The Real Junk Food Project (RJFP) uses donated surplus produce which would go to waste to provide meals for people who can pay as much as they like or nothing.
Volunteer chefs judge the quality of the food based on its smell, taste and touch.
But West Yorkshire Trading Standards (WYTS) has told co-director Adam Smith “offences may have been committed” under food safety and hygiene regulations and has invited him to an interview under caution.
Its letter to Mr Smith reads that officers found 444 items which were a cumulative 6,345 past the use-by date at a warehouse in Stanningley.
Joanne McManus, 42, who co-runs the RJFP’s Armley Junk-tion Cafe, said: “It’s a bit ridiculous. We don’t trade. It’s pay-as-you-feel. Some people don’t pay anything.”
Volunteer chef Marc Higgs branded Trading Standards’ involvement “laughable” because the project is a charitable trust.
Daily visitor Toni Bayliff, 33, said: “I’m short of money. I don’t have enough to buy a cooker so I can’t cook. Everybody’s always been really nice and it’s cooked properly.”

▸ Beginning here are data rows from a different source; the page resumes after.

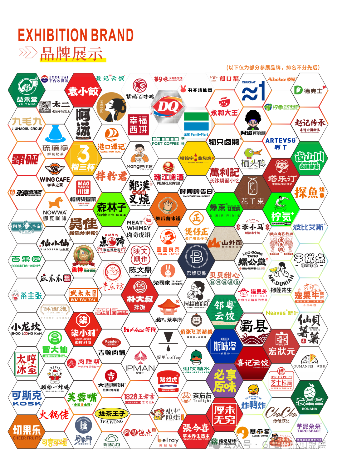 益禾堂、袁记云饺、九毛九集团(太二酸菜鱼、山的山外面贵州酸汤火锅)、邮局咖啡、书亦烧仙草、茅台冰淇淋、张亮麻辣烫、小龙坎、柠季、阿婆牛杂、广州酒家利口福、巴黎贝甜、袁小饺、珠江啤酒、拌粉君、缇里、柠気、聂记云饺、第九味、探鱼、卤山川、啊T奶茶、港口谭记、挪瓦咖啡、茶理宜世、贝贝甜心、斯味洛、仙小仙、霸碗盖码饭、赵记传承、太哼冰室、点蹄、朴大叔、煲仔正、森林子、OK便利店、麻爪爪、波妹、虎头炸、永和大王等.....众多品牌大腕云集,各通道和展位洽谈区都是人山人海,人流挤挤,让人为之震撼!
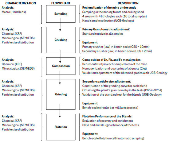 This section outlines the methodologies, procedures, and tests used to achieve the objectives of this study. Figure 1 illustrates the geometallurgical characterization flowchart associated with this research.
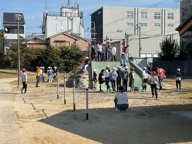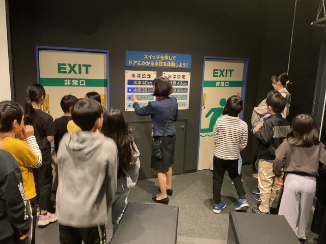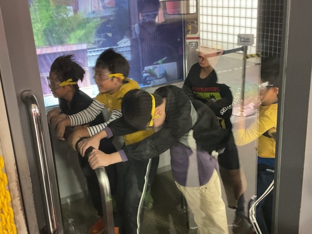 10月30日、4年生が京都市民防災センターへ校外学習に出かけました。都市型災害のお話で、地下街にいるときに大雨が降り、地下に雨水が流れ込む怖さを知ることができました。また、強風体験、地震体験など、実際の体験を通して災害について考えることができました。その後、近くの公園でお弁当とおやつを食べ、時間まで遊具で遊んで楽しみました。
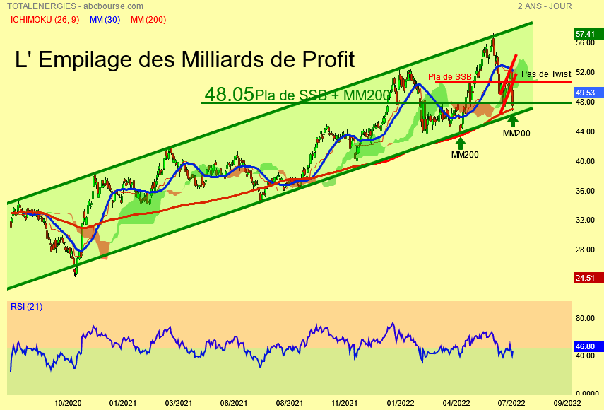Support actuel à 48 € , résistance actuelle le fibo des 61.8 % à 49.12 € , la MM200 rouge haussière reste support en revanche le RSI 21 est en zone verte celle de la baisse .
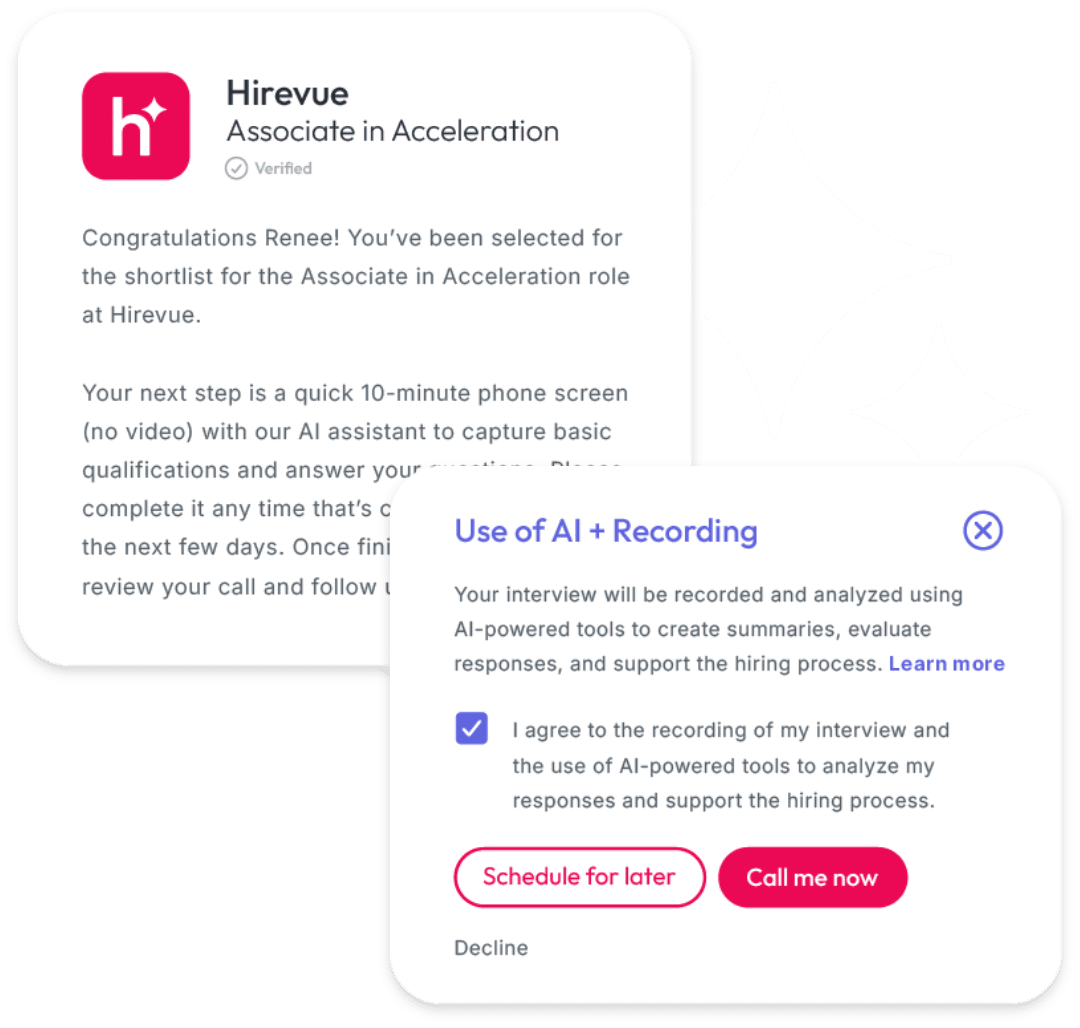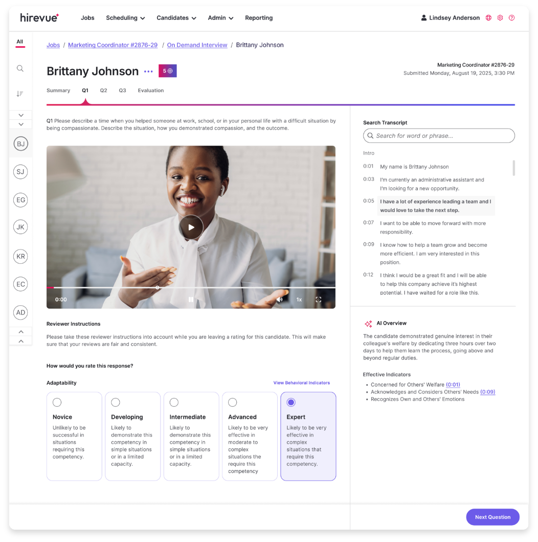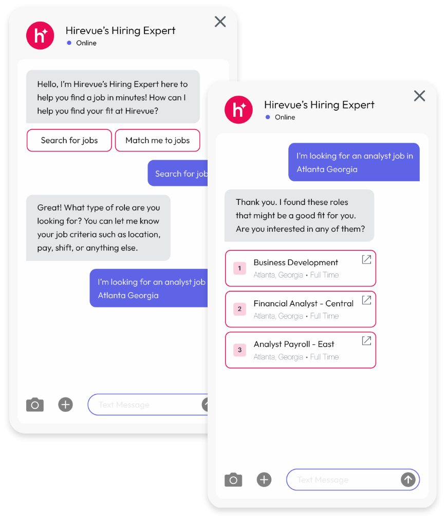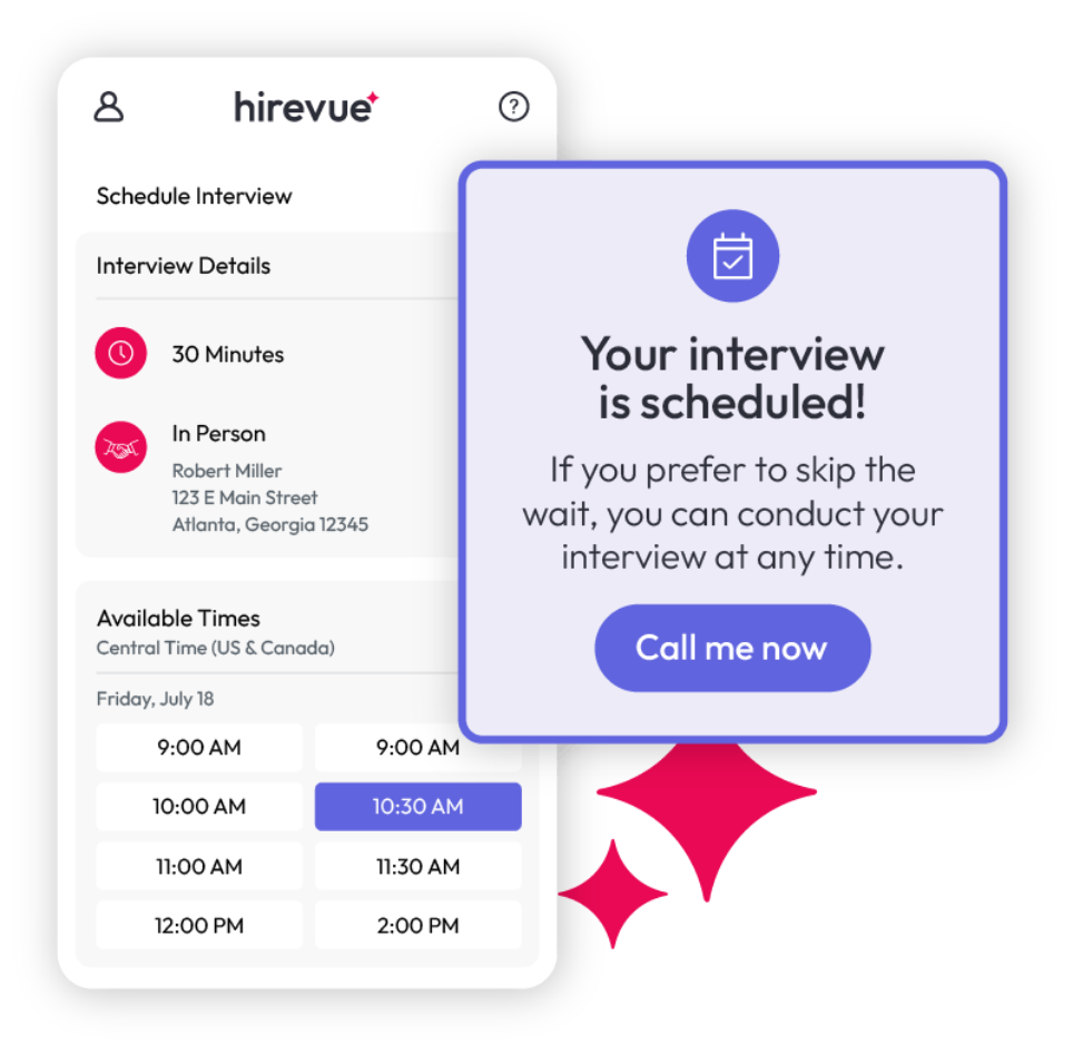 Give every candidate a hiring experience that respects their time and treats them fairly—with a human touch. Hirevue’s AI agents feel more adaptive and human than a bot but still meet people when and where they are. Agents are ready 24/7, accelerating a faster hiring journey and delivering the rich insight recruiters need while still making candidates feel valued.
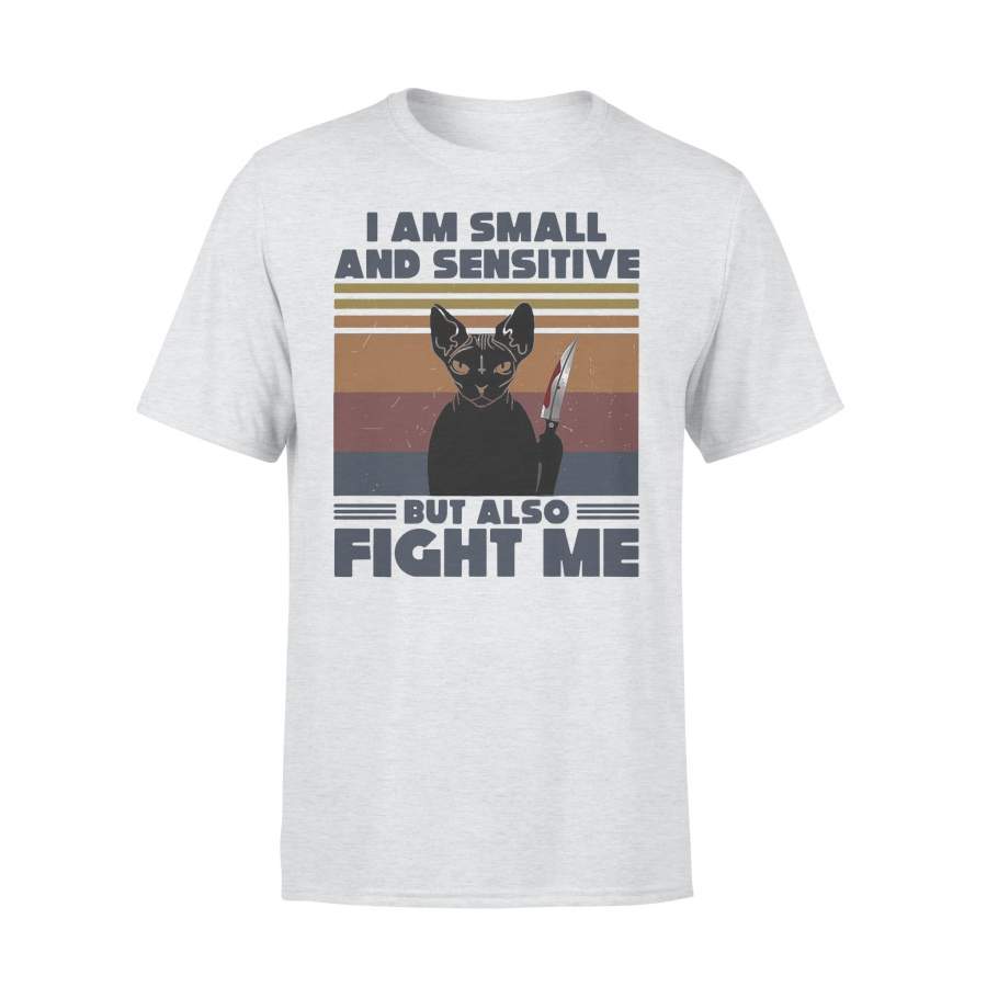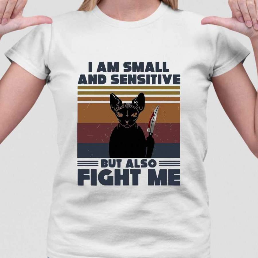 Black Cat I Am Small And Sensitive But Also Fight Me Halloween Vintage Retro T-shirt
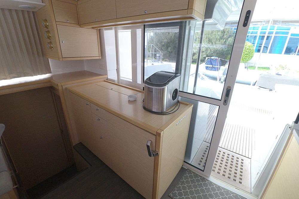 Fully equipped for short escapes or longer journeys, Belo features air conditioning and a generator, well-equipped galley with ice maker, coffee machine, and an extra fridge in the cockpit.
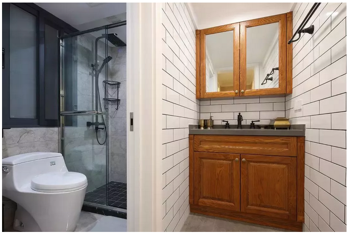 衛(wèi)生間干區(qū)臺(tái)盆柜定制深色系,上面的鏡柜里面隱藏著女主人平時(shí)的洗漱用品哦,墻面大面積的采用白色方型磚,干凈清爽明亮。
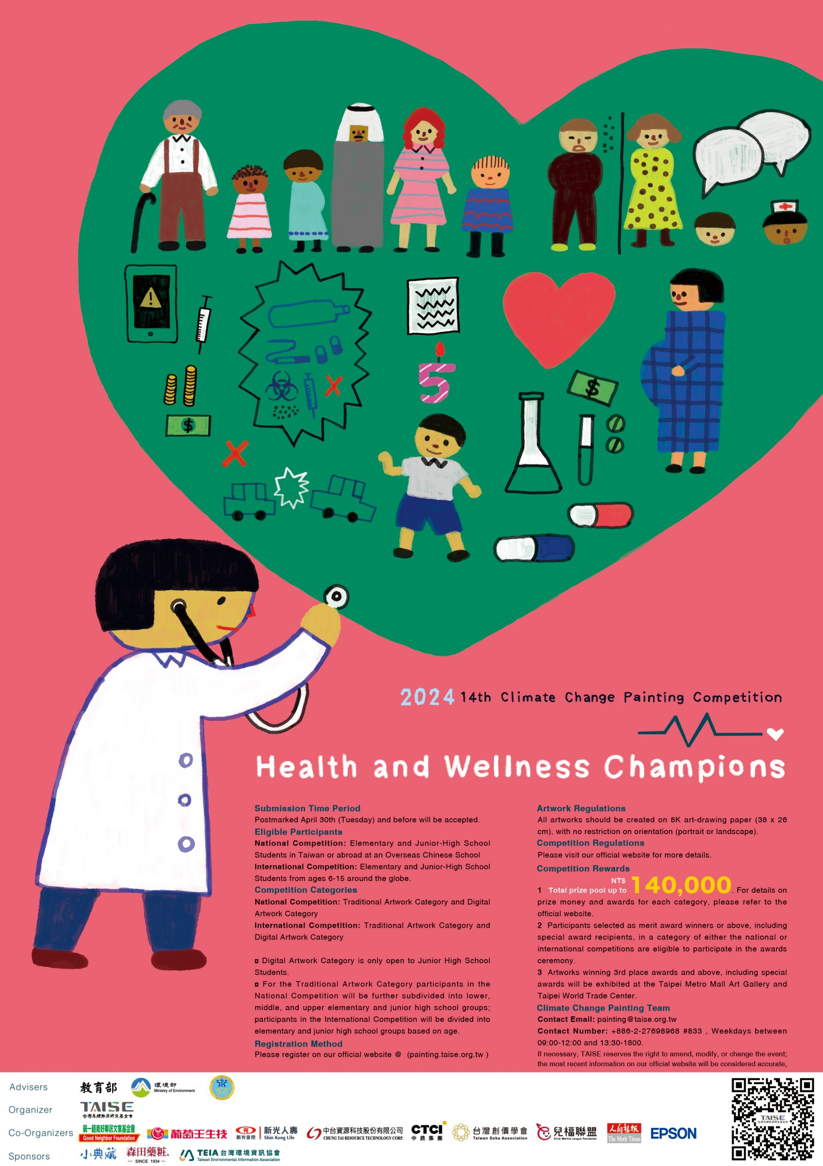 | 一、 | 本屆(第14屆)為呼應聯合國永續發展目標(SDGs)的第3項,「健康與福祉」,以「健康小大使」為主題,提升師生對傳染病的認知並共同探討如何預防傳染疾病;同時學習健康的生活方式、情緒管理等等,亦須充分了解各項子目標的內容,攜手邁向健康、平安生活。此繪畫比賽也呼應第13項,採取氣候行動並提升大眾相關意識。 |
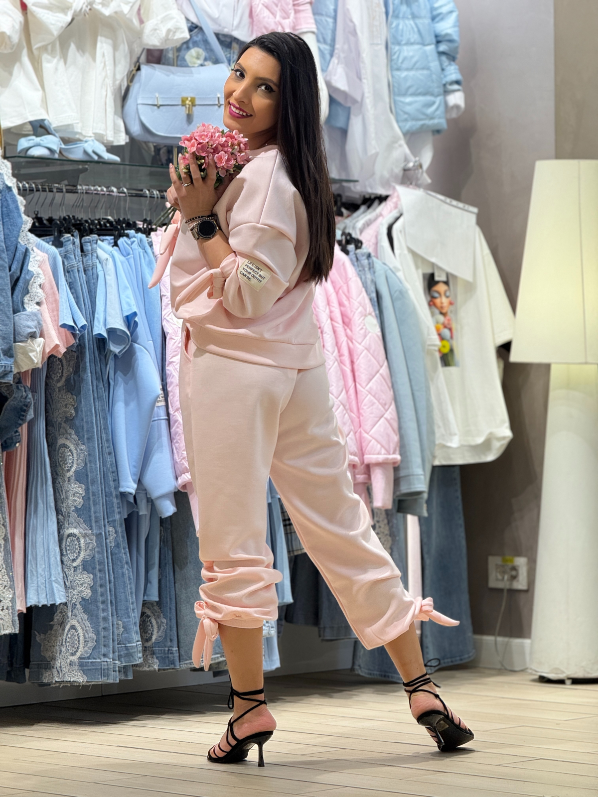 Compleul cu fundiță la manecă îți aduce o stare de fericire și libertate. Este potrivit pentru orice ocazie și te va face să te simți încrezătoare și rafinată.

Regular George Goodwin, 54, said: “It’s a beautiful place with plenty of people. It’s human. Good meals, friendly faces and good company.”
A WYTS spokesperson said that the charity’s proprietor will be able to put forward information as part of that investigation process. “That will help inform the decision on what, if any, action will be taken.”
He said that the supply of food marked with a use-by date after the date marked on the pack is an offence. But it is not an offence to supply foods marked with a best before date beyond what is on the pack.
RJFP uses food which would be thrown away or go to landfill, donated by supermarkets.